Elizabeth Holmes testified that there was another reason she left Stanford to build Theranos: In an emotional moment, she testified that she was raped. In the aftermath, she said she wasn’t attending classes and left to pour herself into building her company instead.
“I decided I was going to build a life by building this company,” she said.
Holmes testified that she found comfort in Ramesh “Sunny” Balwani, who she first met in China after she graduated high school. She was 18 and he was 38.
When she later disclosed to him the trauma of her rape at Stanford, she testifies: “He said that I was safe, now that I had met him.”
Holmes would go on to paint a picture of how Balwani both coached and controlled her.
“He told me that I didn’t know what I was doing in business, that my convictions were wrong, that he was astonished at my mediocrity,” she said, adding that he told her that “I needed to kill the person I was” to become successful.
She testified that he told her that if she wanted to become a good entrepreneur, she needed to spend all her time on the business and only doing things that could contribute to making the company successful. That meant, she testified, not sleeping very much, only eating foods that “would make me pure.”Holmes’ attorney presented handwritten notes from Balwani to Holmes.

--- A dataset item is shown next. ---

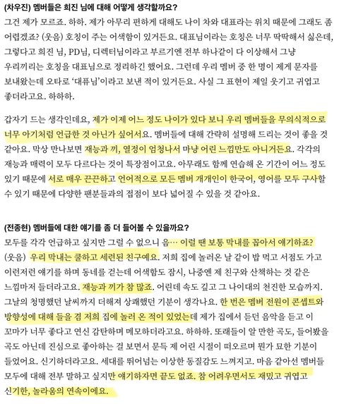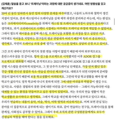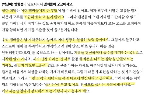내 편견으로는연습 때는 헝그리 정신으로 빡세게 할 거 같다는 엔터계의 고정관념이 있었는데기존의 고정관념과 좀 결이 다르게 간다는 느낌?

“Every morning I will force myself out of bed and spend 30 minutes+ (never a minute less to write what I want from my day,” one note read. “I will never meet … anyone for more than 5 minutes unless I have written down why.”
In the notes, Balwani said she was going about her meetings wrong: “I will always give crisp, clean goals and feedback to my subordinates, even if they don’t like it — especially if they don’t like it.”

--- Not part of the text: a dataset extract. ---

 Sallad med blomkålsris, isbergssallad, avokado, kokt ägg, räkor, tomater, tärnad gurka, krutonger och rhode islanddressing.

Holmes testified: “He was talking about me, and the idea that even if I didn’t have a natural instinct for business I could be taught to overcome that with a formula for business that … he said he would teach me.”
“The single most important ingredient to this secret sauce is Discipline,” a note from Balwani read. The second most important is “self discovery.“
“He said I was a little girl,” and needed to be more serious, Holmes testified.
“He would get very angry with me, and then he would sometimes come upstairs to our bedroom and he would force me to have sex with him when I didn’t want to, because he would say that he wanted me to know that he still loved me,” she said.
She testified that he complained she spent too much time with her family.
“I hate this,” read a text from Balwani.
“He’s angry with me because he feels like when my family came for Thanksgiving I was not paying attention to him and I was distant from him and he doesn’t want to engage with me anymore,” Holmes explained. “This was one of the nights where he came upstairs and did things to me that I didn’t want.”
In court filings before the start of the trial, Balwani’s attorneys said he “adamantly denies” the claims and called the allegations that Balwani verbally disparaged her, controlled what she ate, how she dressed, and who she interacted with, are “deeply offensive to Mr. Balwani” and “devastating personally to him.”